🛠️ How SQL Stories Are Made

🎯 Purpose

This document explains how each SQL Story in this repo is created using a mix of synthetic data generation, structured business framing, and AI-assisted scenario design. The goal is to simulate realistic business questions and data challenges that strengthen SQL and analytical fluency.

🧬 Data Generation Strategy

All stories are powered by a dataset produced using the companion project:
➡️ ecom_sales_data_generator

That repo provides:

Modular Python scripts for data simulation
Scenario-based YAML configurations
Controlled injection of data messiness

🗂️ This repository includes database.zip, which contains the pre-built SQLite databases. The output includes:

Clean CSVs for each table (orders, order_items, returns, etc.)
A zip archive with loading assets: ecom_data_gen_output/database.zip

Inside that zip:

*.csv files (one per table)
load_data.sql to construct the schema and load into SQLite

🧪 Mess Injection (Realism Tuning)

The data generator supports configurable “mess” levels:

none: perfectly clean, ideal for baselines or learners
medium: includes nulls, case issues, date shifts, return spikes
heavy: simulates real-world chaos — fuzzy joins, data mismatches, and edge-case outliers

This messiness emulates POS systems or early-stage data warehouses where governance is still maturing.

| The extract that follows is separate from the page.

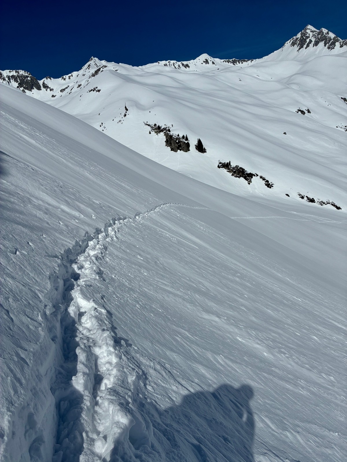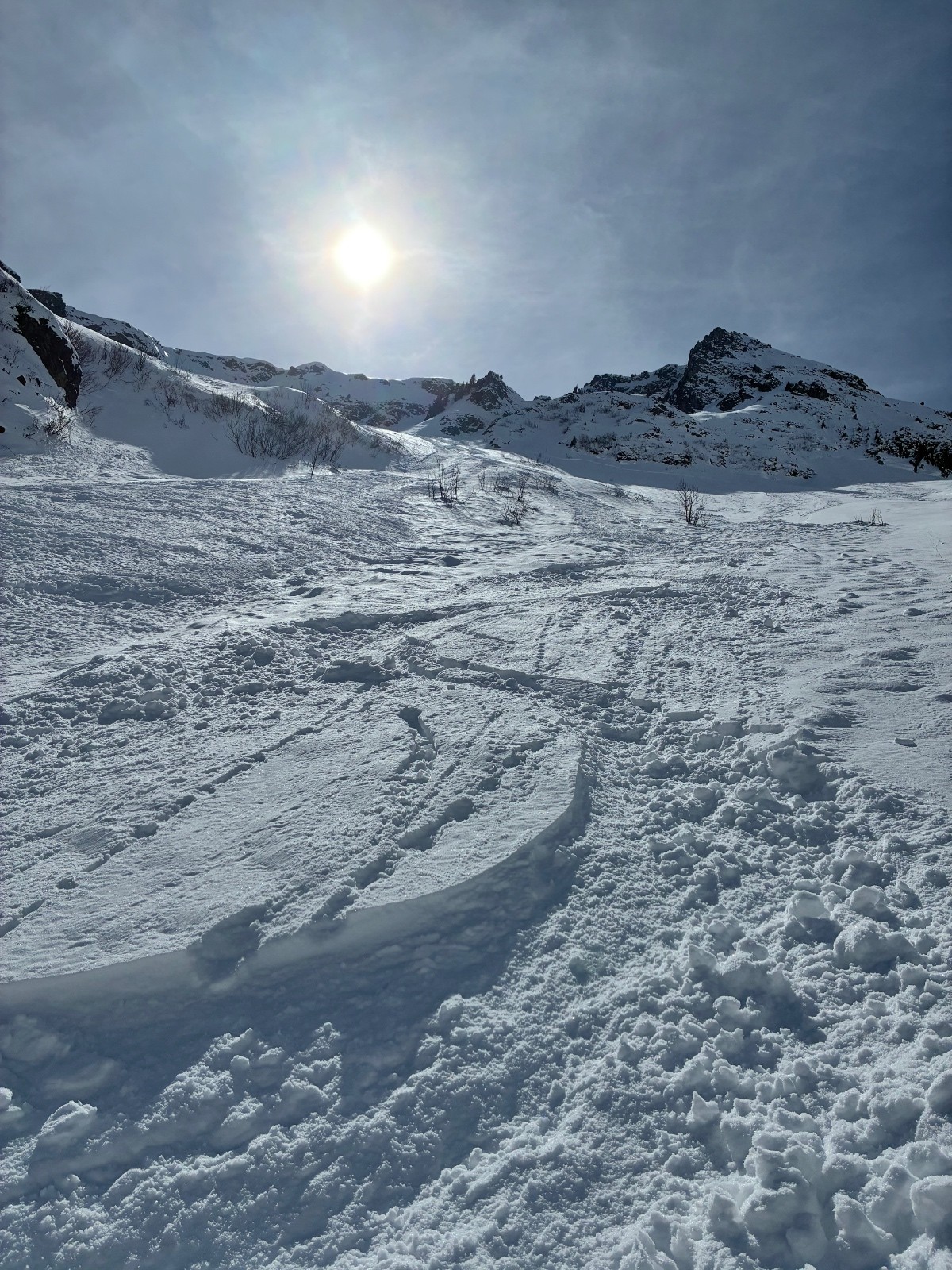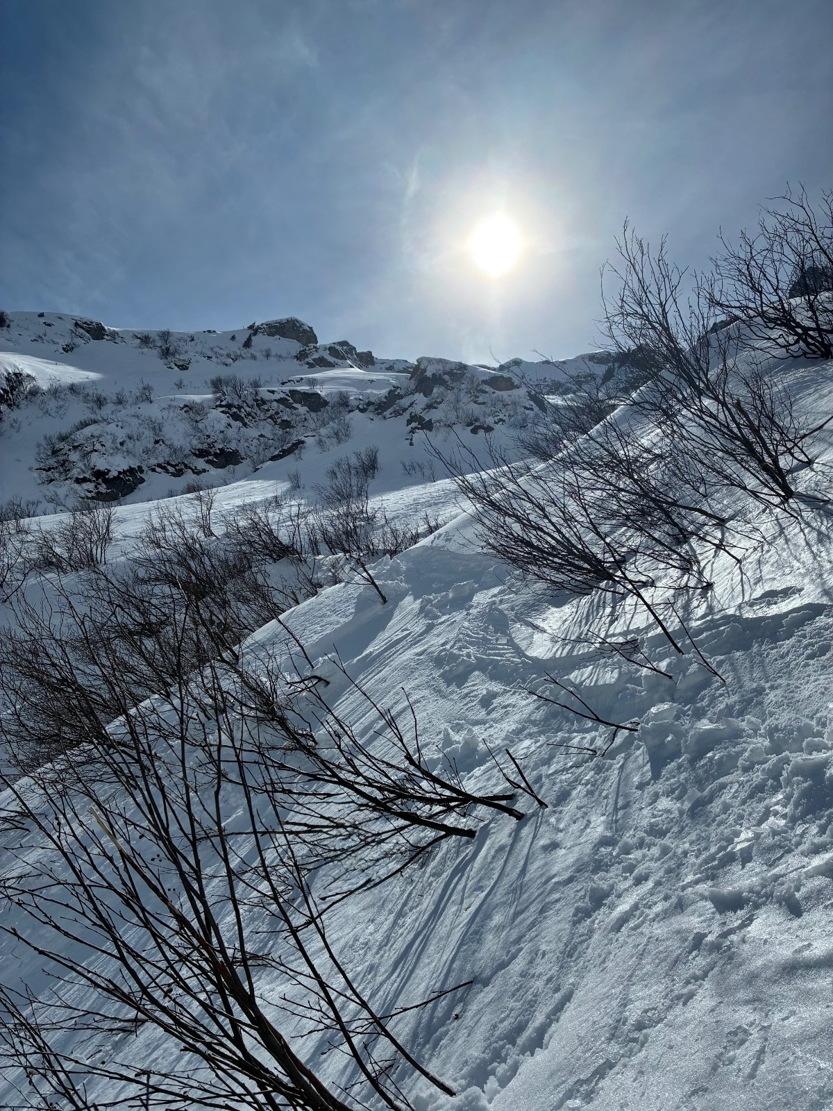 Attaque de la pente ,le bas sur une coulée de surface (genoux )puis un peu de dure pour rejoindre la pente centrale ,la pas la même limonade ,traçage sur une poudre non portante on s enfonce jusque mi cuisse .
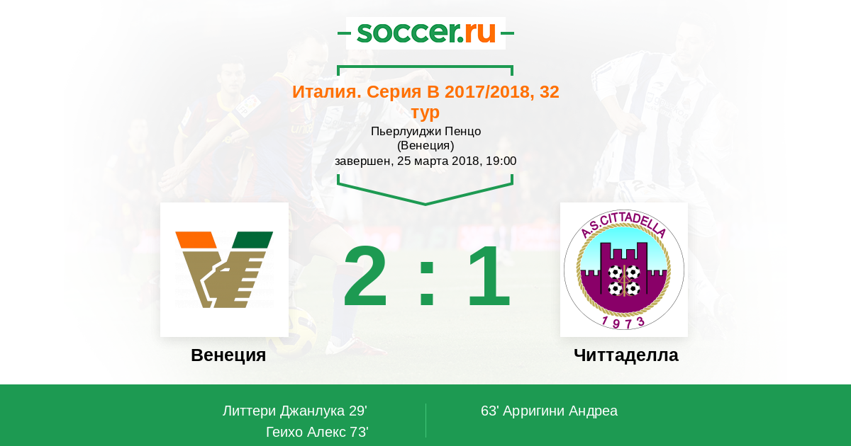 Протокол матча Венеция против Читтаделла

The included database was configured with a medium mess injection.

🤖 AI's Role in Story Design

AI acts as a co-author and validator, helping shape business scenarios around each dataset. Contributions include:

Business context and stakeholder goals
Analytical framing and key metrics
Prompt engineering for SQL challenges
Narrative tone and documentation

AI helps keep every story grounded, engaging, and useful — from beginner tutorials to portfolio-grade projects.